Cette affirmation a été faite dans le cadre d’une série d’interviews qu’il a accordées à des radiodiffuseurs amis depuis qu’il est devenu le candidat présomptif de son parti, y compris une rencontre avec le leader britannique de droite Nigel Farage.

Certains alliés de l’ancien président affirment que le fait d’organiser moins de rencontres lui permet non seulement d’économiser de l’argent, mais aussi de limiter les occasions où il pourrait s’écarter du scénario et dire quelque chose qui pourrait aliéner les électeurs de la droite.

La campagne a toutefois rejeté cette idée et a déclaré qu’elle n’avait pas l’intention de mener le type de «campagne de sous-sol» que les collaborateurs de M. Trump avaient reproché à M. Biden en 2020, au plus fort de la pandémie de COVID-19.

M. Trump avait alors fait fi des conseils des experts en santé publique de son propre gouvernement en matière de distanciation sociale et de port de masques, organisant des rassemblements et des événements à la Maison-Blanche avant que les vaccins ne soient disponibles, comme une réception pour son candidat à la Cour suprême qui est devenue un événement de super propagation. 

M. Biden a également recueilli des dizaines de millions de dollars pour sa campagne au cours des dernières semaines. Jeudi, il collectera encore plus de fonds lors d’un événement conjoint avec les anciens présidents Barack Obama et Bill Clinton à New York, qui pourrait battre les records de collecte de fonds du parti pour un seul événement.

Par ailleurs, il privilégie les événements plus petits et plus intimes : il se joint à une famille pour un repas à la table de la cuisine, se rend dans de petites entreprises et rencontre ses partisans dans leur jardin.

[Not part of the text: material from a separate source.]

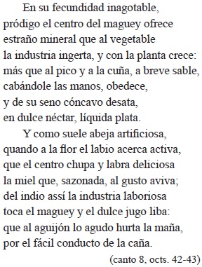 La elaboración de esta octava sobre la cera que arde como el pecho de Nueva España por el infante Felipe Pedro, en sus imágenes, factura y léxico debe no poco al cordobés: Mérida, pues, ofrece su mayor riqueza, "el codiciado fruto de la cera", descrito con el primor con que Góngora suele deleitarse cuando presenta los pequeños tesoros de la naturaleza.

À l’instar de celle de M. Trump, sa campagne remet en question l’utilité des rassemblements coûteux à produire à une date aussi éloignée du jour de l’élection. Elle s’interroge en outre sur sa capacité à remplir une salle, compte tenu du manque d’enthousiasme des démocrates et des protestations des électeurs mécontents de son soutien à la guerre menée par Israël contre le Hamas.

Les petits événements sont conçus pour produire de courts moments sur les médias sociaux qui trouvent un écho en ligne auprès des électeurs ciblés par M. Biden et qui touchent des publics qui n’auraient probablement pas pu assister à des arrêts de campagne plus conventionnels.

La semaine dernière, il a rencontré plusieurs dizaines de sympathisants à Reno, dans le Nevada, au centre du seul comté de l’État à avoir une influence, avant de se rendre dans le centre-sud de Phoenix, où il s’est mêlé à environ 80 personnes dans un célèbre restaurant mexicain, alors que sa campagne lançait une coalition appelée «Latinos con Biden-Harris», ou «Les Latinos avec Biden-Harris».

«J’ai besoin de vous, j’ai besoin de votre aide », leur a dit M. Biden. Écoutez, il n’y a que six ou sept États qui vont déterminer l’issue de cette élection. Ce sont des États à bascule, et (l’Arizona) est l’un d’entre eux.»